→ **Problem to work on**
Only text belongs in your copy of the listing below; reproduce it exactly and leave out the pictures.
[Opening Input section]
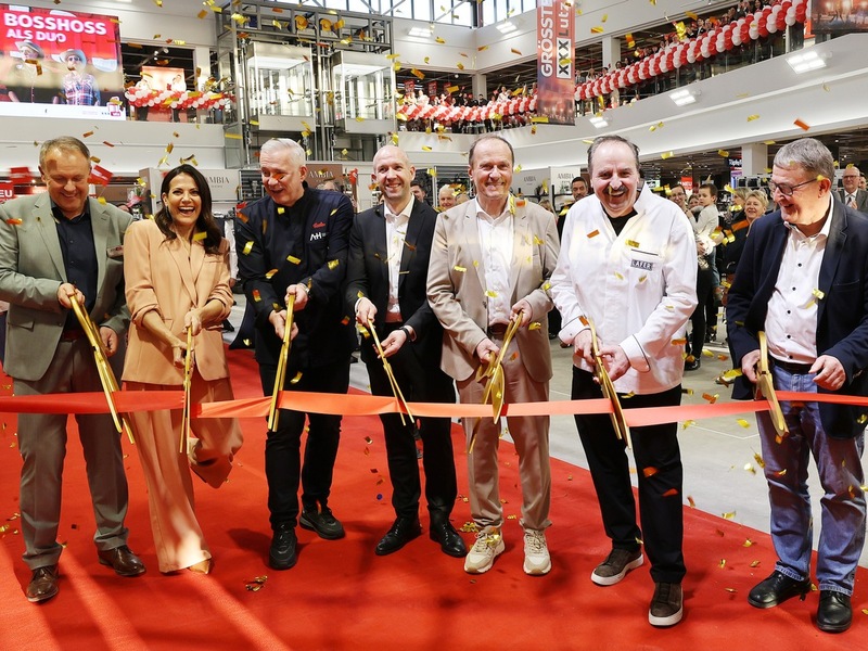 Zusammen mit Rangsdorfs Bürgermeister Klaus Rocher durchtrennte Alois Kobler unter dem Applaus der geladenen Gäste das symbolträchtige rote Band, ehe es für alle Premieren-Gäste bei dem "Pre-Shopping Event" über den Roten Teppich ging und sich das neue Einrichtungshaus als große Eventfläche präsentierte: Akustik-Livemusik von The BossHoss, Kochshows der hoch dekorierten TV-Köche Alexander Herrmann und Johann Lafer an verschiedenen Stationen im Möbelhaus, dazu DJ-Acts, Artistenshows, Gin-Tastings und eine Vielzahl weiterer Attraktionen verwandelten den neuen XXXLutz für einen Abend in eine Erlebnisbühne im XXXL-Format.
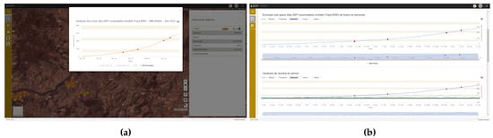 The Web Portal also enables the visualization of the phenological stage of the vineyard registered via the mobile application, as well as editing/correcting the information associated with the acquisitions. It is also devised to incorporate and display the outputs of phenology prediction models based on DD to predict pest flights, such as the model developed for the European Grapevine Moth [] already integrated in the system (Figure 16a). The temperature data that feed these models are collected via the EoT sensors or commercial weather stations, being that the communication with both types of equipment are already available on the system.
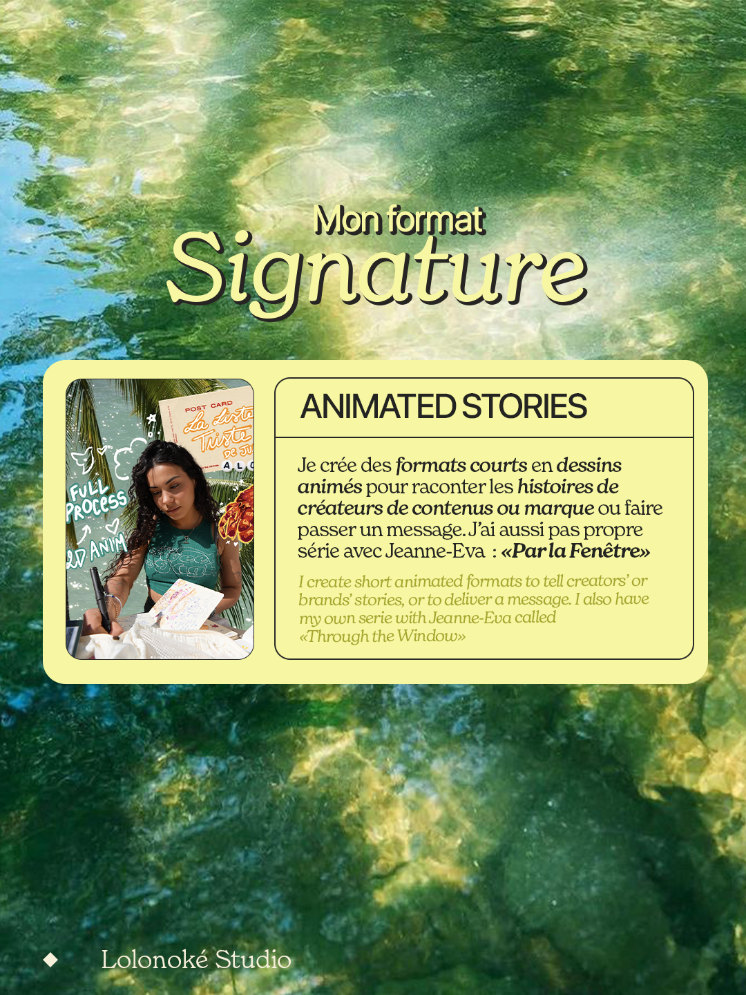 Je donne vie à vos récits à travers des formats animés pensés pour les réseaux sociaux. Des histoires visuelles conçues pour capter l’attention, transmettre un message et renforcer l’impact d’un univers.
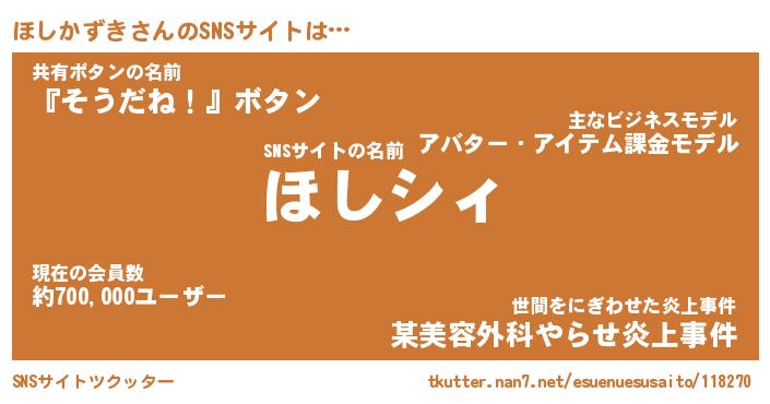 | ファンタジー風あだ名 | 『ホシフェル』『エターナルホシカズキー』 |
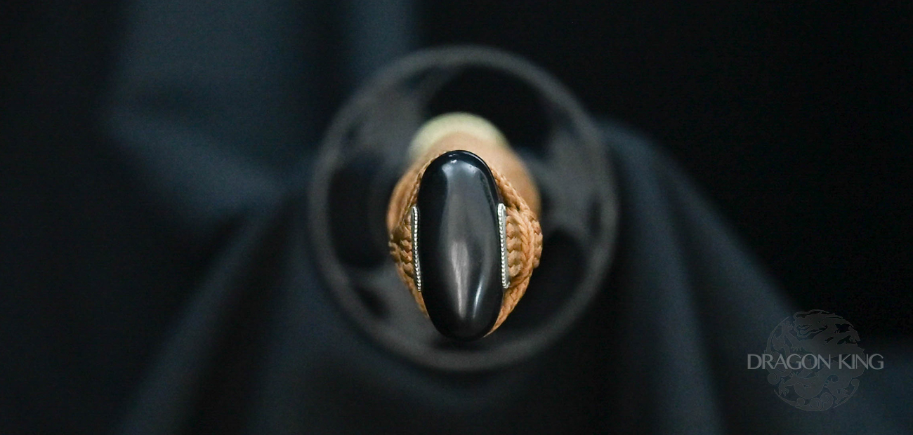 The tan tsuka-ito (handle wrap) offests the blackened fuchi and fuchi-kashira on the double mekugi (bamboo pin) pinned handle. The black lacquered saya (scabbard) features a buffalo horn rimmed koiguchi (scabbard mouth) and kurikata (knob) with a black sageo (cord).
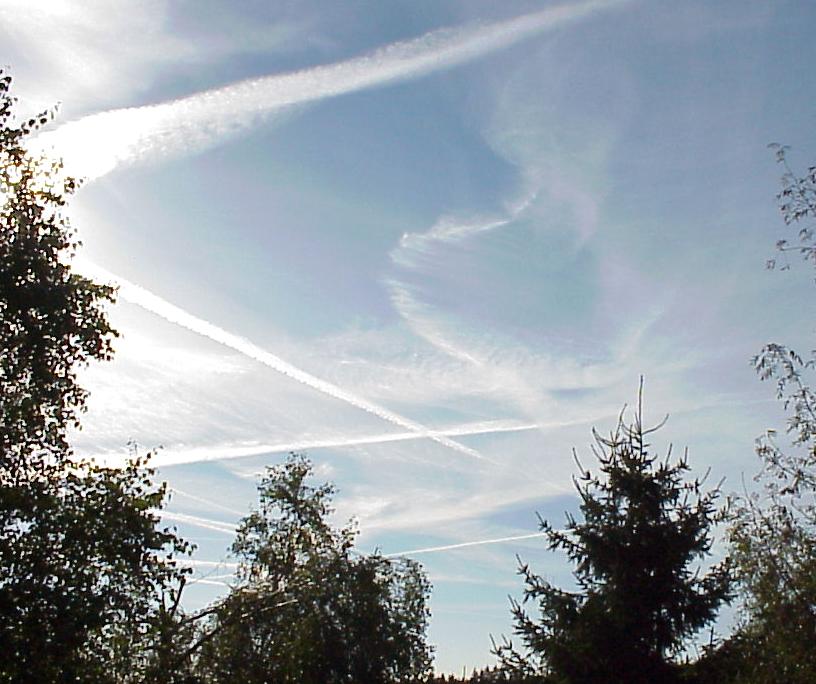 Wenn - wie z.B. für den 30.05.04 (Pfingstsonntag) aufgrund einer stabilen Hochdrucklage wolkenloser Himmel vorhergesagt wird, dann aber tagsüber 90-95% aller Wolken sich aus hunderten von gezielt erzeugten 'Sprüh-Kondensstreifen' entwickeln und gebietsverdunkelnd auswirken, und danach viele Menschen über seltsame Krankheitssymptome klagen, wäre dies ausreichend Grund genug, entweder endlich das Treiben von Sprühflugzeugen zur Kenntnis zu nehmen und es abzustellen, oder zumindest gründlich die Treibstoffzusammensetzungen aller wolkenbildenden militärischen und zivilen Flugzeuge daraufhin zu überprüfen: Wieweit erzeugen ihre Kerosinhaupt- und Zusatzstoffe (meist hochgiftige Additive im JP8) sowohl die künstlichen Dauer-Wolken als auch die sich häufenden seltsamen Krankheitsfälle? noch mehr Bilder http://www.chemtrails.erazor-zone.de/fotos/KN3005/)
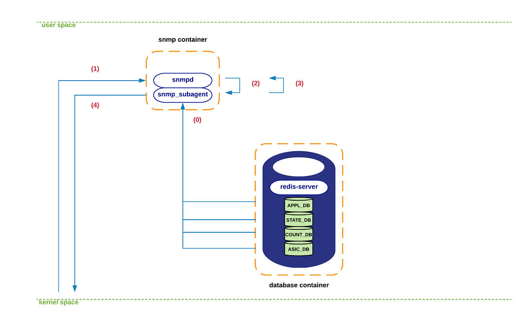 (0) 在snmp-subagent支持的不同MIB子组件初始化时,与上述DBs构建连接。从这刻起,snmp-subagent缓存从所有的DBs获得的状态,这些信息在<60s的时间内更新,来确保DBs和snmp-subagent的同步。
[Closing Input section]
→ **Result of this exercise**
 Zusammen mit Rangsdorfs Bürgermeister Klaus Rocher durchtrennte Alois Kobler unter dem Applaus der geladenen Gäste das symbolträchtige rote Band, ehe es für alle Premieren-Gäste bei dem "Pre-Shopping Event" über den Roten Teppich ging und sich das neue Einrichtungshaus als große Eventfläche präsentierte: Akustik-Livemusik von The BossHoss, Kochshows der hoch dekorierten TV-Köche Alexander Herrmann und Johann Lafer an verschiedenen Stationen im Möbelhaus, dazu DJ-Acts, Artistenshows, Gin-Tastings und eine Vielzahl weiterer Attraktionen verwandelten den neuen XXXLutz für einen Abend in eine Erlebnisbühne im XXXL-Format.
 The Web Portal also enables the visualization of the phenological stage of the vineyard registered via the mobile application, as well as editing/correcting the information associated with the acquisitions. It is also devised to incorporate and display the outputs of phenology prediction models based on DD to predict pest flights, such as the model developed for the European Grapevine Moth [] already integrated in the system (Figure 16a). The temperature data that feed these models are collected via the EoT sensors or commercial weather stations, being that the communication with both types of equipment are already available on the system.
 Je donne vie à vos récits à travers des formats animés pensés pour les réseaux sociaux. Des histoires visuelles conçues pour capter l’attention, transmettre un message et renforcer l’impact d’un univers.
 | ファンタジー風あだ名 | 『ホシフェル』『エターナルホシカズキー』 |
 The tan tsuka-ito (handle wrap) offests the blackened fuchi and fuchi-kashira on the double mekugi (bamboo pin) pinned handle. The black lacquered saya (scabbard) features a buffalo horn rimmed koiguchi (scabbard mouth) and kurikata (knob) with a black sageo (cord).
 Wenn - wie z.B. für den 30.05.04 (Pfingstsonntag) aufgrund einer stabilen Hochdrucklage wolkenloser Himmel vorhergesagt wird, dann aber tagsüber 90-95% aller Wolken sich aus hunderten von gezielt erzeugten 'Sprüh-Kondensstreifen' entwickeln und gebietsverdunkelnd auswirken, und danach viele Menschen über seltsame Krankheitssymptome klagen, wäre dies ausreichend Grund genug, entweder endlich das Treiben von Sprühflugzeugen zur Kenntnis zu nehmen und es abzustellen, oder zumindest gründlich die Treibstoffzusammensetzungen aller wolkenbildenden militärischen und zivilen Flugzeuge daraufhin zu überprüfen: Wieweit erzeugen ihre Kerosinhaupt- und Zusatzstoffe (meist hochgiftige Additive im JP8) sowohl die künstlichen Dauer-Wolken als auch die sich häufenden seltsamen Krankheitsfälle? noch mehr Bilder http://www.chemtrails.erazor-zone.de/fotos/KN3005/)
 (0) 在snmp-subagent支持的不同MIB子组件初始化时,与上述DBs构建连接。从这刻起,snmp-subagent缓存从所有的DBs获得的状态,这些信息在<60s的时间内更新,来确保DBs和snmp-subagent的同步。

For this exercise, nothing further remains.